Industrial Processes

How is the CO2 Captured?

The separation of CO2 from flue gases has been a common practice in certain industries, such as natural gas processing, and hydrogen and fertilizer production, for over 60 years.

The current practice is most often to separate the CO2 and simply vent any unused portion to the atmosphere. Therefore, the concept of CO2 separation using industrial processes is not new, unlike the concept of capturing those emissions for environmental reasons.

For industries like upstream natural gas processing, and hydrogen and fertilizers manufacturing, flue gas streams often contain greater than 90% CO2. Consequently, many of these opportunities only require compression technology to pressurize the flue gas for transportation. This advantage makes these capture opportunities some of the most economic today. As noted previously, fertilizer manufacturing (of products such as ammonia and urea) is considered one of the best early opportunities for commercial CO2 capture today, and approximately 13 MtCO2/yr could be captured from this industry now (IPCC, 2005).

CO2 concentrations in natural gas vary by region, with almost no CO2 in Siberian gas and up to 70% in some Indonesian fields; the global average for natural gas is 1 - 2% CO2 (IEA, 2004). Natural gas in Canada can contain anywhere from zero to up to 36% CO2. Therefore, the opportunity of capturing CO2 from natural gas processing facilities varies by location.

Other opportunities in the fuel supply industries include oil refineries, hydrogen production and gasification facilities. However, because of the variety of oil refining processes used worldwide, it is impossible to characterize the industry and to indicate the total potential for CCS. That being said, oil refining is one of the largest emitting industries worldwide, thus opportunities do exist. Hydrogen is considered by many to be the transportation fuel of the future, and hydrogen production (using other fossil fuels as the feedstock) offers the potential to capture CO2 emissions from the transportation industry by capturing it where the fuel is produced. As already discussed, gasification is another option for producing hydrogen in a synfuel mix which also contains CO which could be converted to CO2 for transport to a suitable storage site.

Other high quality industrial sources of CO2 include cement, steel and pulp and paper, where average CO2 concentrations of the flue gases generally exceed 20%. CO2 concentrations from cement production are higher than those from conventional furnaces because more than half of the CO2 comes from an essential chemical reaction used in cement production (IEA, 2004). Substantial amounts of CO2 could be captured during direct iron production (DIP), a process used in regions with a lot of stranded gas (such as the Middle East). Paper mills and ethanol plants both recover "black liquor" (the remaining lignin fraction) from industrial processes and use it to generate energy. These facilities are a source of CO2 emissions that, if captured and stored, may result in the neg-emissions noted earlier, depending on the sustainability of the fuel source.
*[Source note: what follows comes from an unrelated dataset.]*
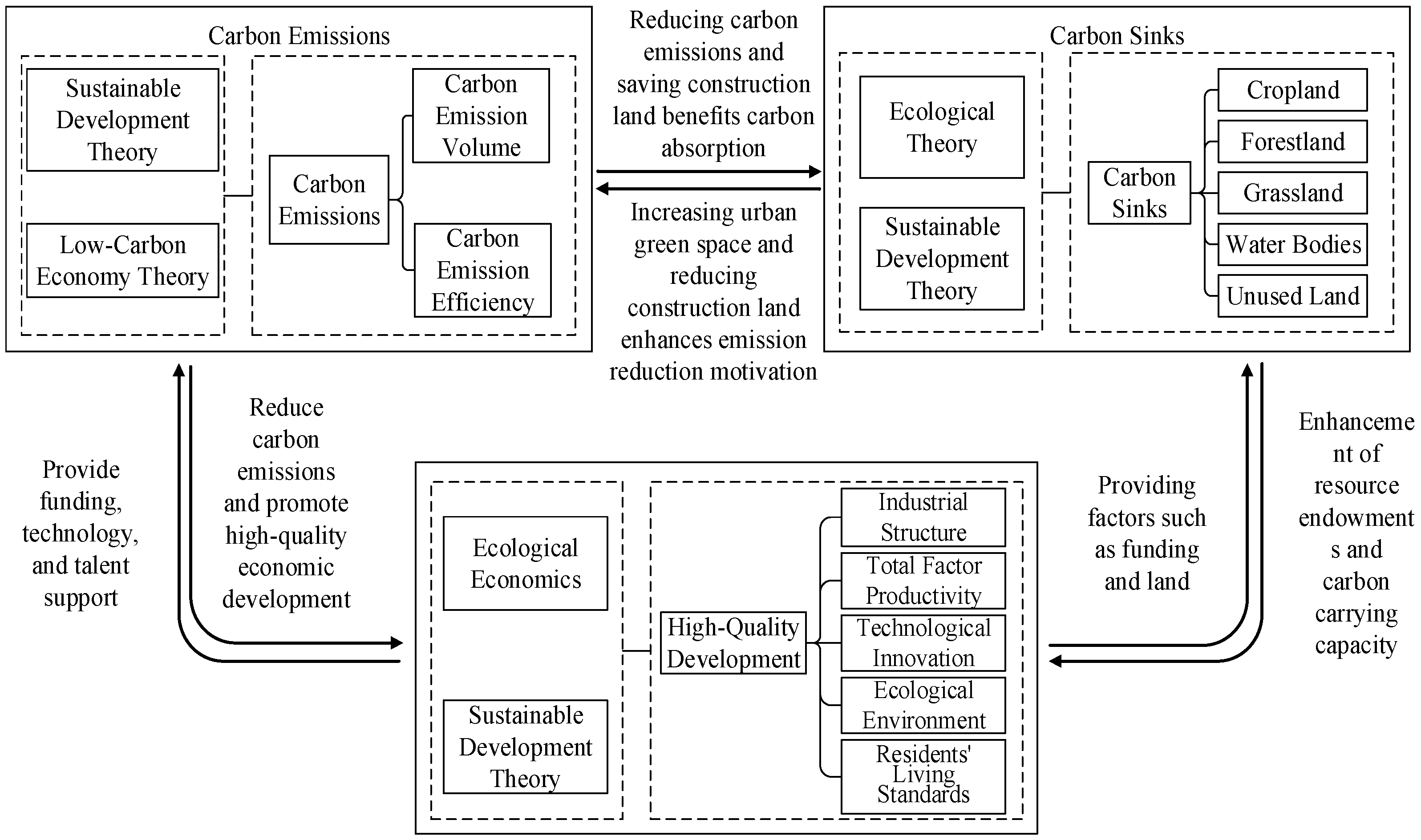 2.2. Coupling Mechanism Analysis of Carbon Emissions, Carbon Sinks, and High-Quality Development

Some new technologies are needed for applications in existing facilities, to better enable the capture of high concentration streams in the existing capital stock. As well, better process integration is needed for CO2 capture technologies which in many cases could make a big difference in the capture economics. A lack of information on the application of solvent scrubbing or oxy-fuel combustion in industries like cement, glass and metals is a critical gap. If implemented appropriately, industrial processes could be some of the first areas to produce low-cost and very pure CO2 streams for CCS.